At first some information's about the systems:
old:~ # cat /etc/SuSE-release
SuSE Linux 9.0 (i586)
VERSION = 9.0
old:~ # uname -a
Linux biblix 2.4.21-303-smp4G #1 SMP Tue Dec 6 12:33:10 UTC 2005 i686
i686 i386 GNU/Linux
old:~ # sed --version
GNU sed version 4.0.6
...
new:~ #cat /etc/os-release
NAME="CentOS Linux"
VERSION="7 (Core)"
ID="centos"
ID_LIKE="rhel fedora"
VERSION_ID="7"
PRETTY_NAME="CentOS Linux 7 (Core)"
ANSI_COLOR="0;31"
CPE_NAME="cpe:/o:centos:centos:7"
HOME_URL="https://www.centos.org/"
BUG_REPORT_URL="https://bugs.centos.org/"

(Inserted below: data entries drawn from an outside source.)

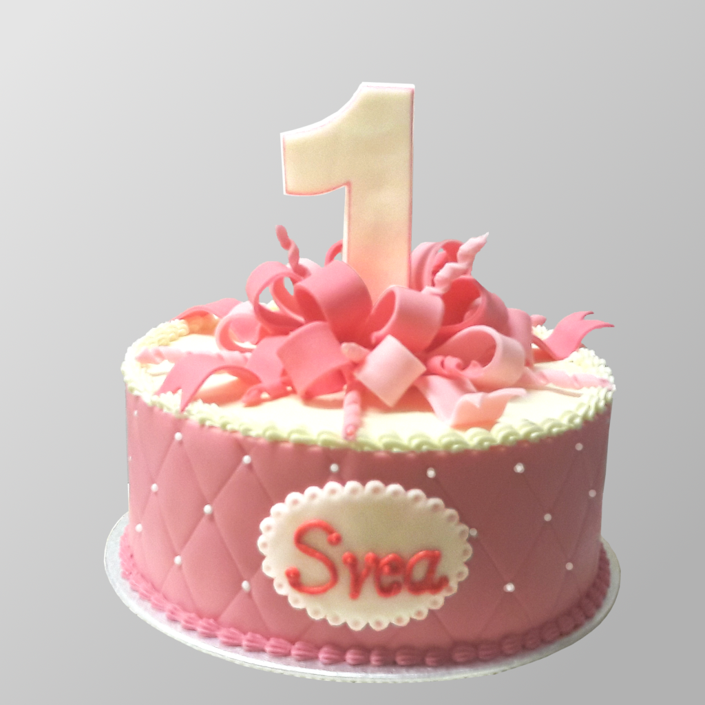 Das breite Band aus Rollfondant, an der Seite der Torte, wurde im Steppmuster geprägt und mit Silberperlen verziert. Oben auf der Torte haben wir Bänder aus Rollfondant zu einer großen Pompom-Schleife arrangiert.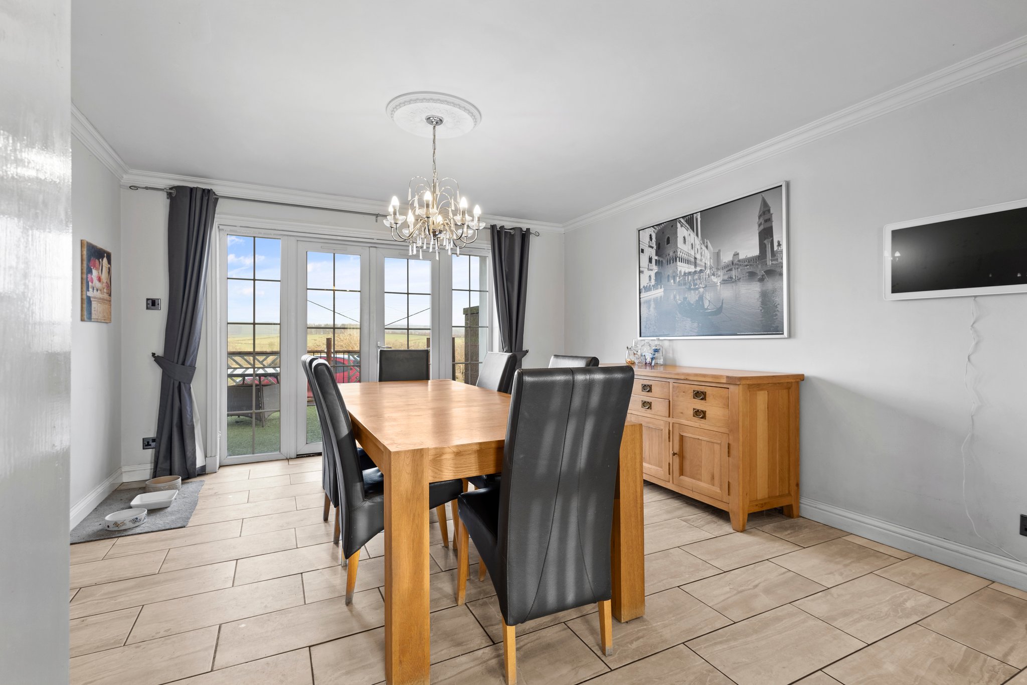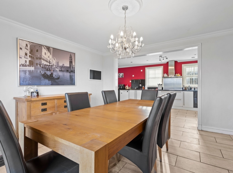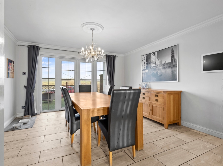 4.13m x 3.96m (13′ 7″ x 13′ 0″) Spacious dining room boasting a contemporary open plan layout to the kitchen, modern decor, tiled flooring and double glazed French doors.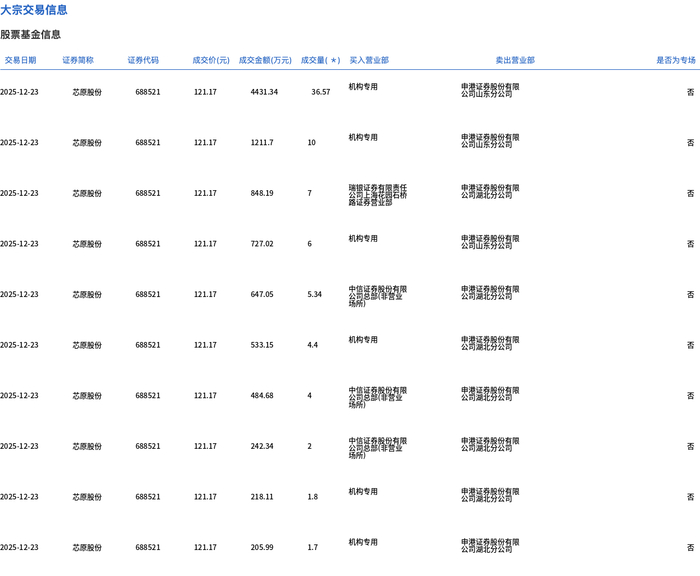 12月23日,芯原股份大宗交易成交78.81万股,成交额9549.57万元,占当日总成交额的5.52%,成交价121.17元,较市场收盘价130.41元折价7.09%。

CENTOS_MANTISBT_PROJECT="CentOS-7"
CENTOS_MANTISBT_PROJECT_VERSION="7"
REDHAT_SUPPORT_PRODUCT="centos"
REDHAT_SUPPORT_PRODUCT_VERSION="7"
new:~ # uname -a
Linux userWS0.dnb.de 3.10.0-862.11.6.el7.x86_64 #1 SMP Tue Aug 14
21:49:04 UTC 2018 x86_64 x86_64 x86_64 GNU/Linux
new:~ # sed --version
sed (GNU sed) 4.2.2
...
Now lets see how the behavior has changed, what I think is a bug:
old:~ # sed -n 's/^.*004K...\([0-
9xX]\{13\}\).*006V...\(.\{1,32\}\).*\(.020F.*\)021A.*$/\2 \1\3/p'
Fehlerpica.dat
138742c156c1445f8bdc3a7845548c00 9783507435339020F a19.04.03
18290030a02544e6a451538b0e44f9e2 9783507435377020F a19.04.03
4c7ff6d790b34470852434f5ee41200b 9783034312189020F a12.12.11
while the new system does not output anything using this expression.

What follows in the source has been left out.